Bank of Canada Interest Rate Announcement (July 30, 2025)
Andrew Hencic, Director & Senior Economist | 416-944-5307
Date Published: July 30, 2025
- Category:
- Canada
- Data Commentary
Bank of Canada holds rates as trade uncertainty persists
- The Bank of Canada (BoC) held its policy rate at 2.75%, in line with market expectations.
- The Bank acknowledged that "some elements of US trade policy have started to become more concrete in recent weeks" but also noted that "trade actions remain unpredictable." It once again opted to present multiple scenarios, with an outlook conditioned on the current tariff situation and two alternatives – de-escalation and escalation.
- Under the current tariff trajectory, the Bank would expect growth to recover to roughly 1% quarter-on-quarter (annualized, q/q) in the second half of 2025 after the anticipated 1.5% q/q contraction in Q2. Importantly, "Consumer price index (CPI) inflation stays close to the 2% target over the scenario horizon" as the effects of tariffs and the temporary effect of the removal of the carbon tax are offset by easing shelter costs, excess supply and a stronger CAD.

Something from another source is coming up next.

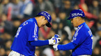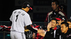 [OSEN=잠실, 민경훈 기자] 6일 오후 잠실구장에서 열린 '2011 롯데카드 프로야구' LG 트윈스와 삼성 라이온즈의 정규 시즌 마지막 경기에서 5회초 1사 주자 3루 삼성 강봉규의 중견수 앞 1타점 적시타때 홈을 밟은 최형우가 덕아웃에

- Regarding the future path of its policy rate, the bank stated that it will continue to focus on inflation, noting that "[i]f a weakening economy puts further downward pressure on inflation and upward price pressures from the trade disruptions are contained, there may be a need for a reduction in the policy interest rate."
Key Implications
- Not much of a surprise from the BoC today. The outlook for the economy under the current tariff regime shows a modest recovery starting in the third quarter, but with an economy expanding below trend. This leaves the door open for future rate cut(s) under stable inflation.
- The BoC remains in data-dependency mode, with the monthly flow of information determining the need, or scope, for further cuts. From our lens, a plausible path for the economy is one that lands somewhere between the current and de-escalation scenarios presented by the BoC. In that space, inflation will remain contained over the coming months, and the key will be the scale of any bounce-back in Q3 and Q4 growth. The resulting build-up in excess supply means there's still scope to reduce the overnight rate in the coming months. However, the BoC is unlikely to push below the bottom end of their neutral range (2.25%).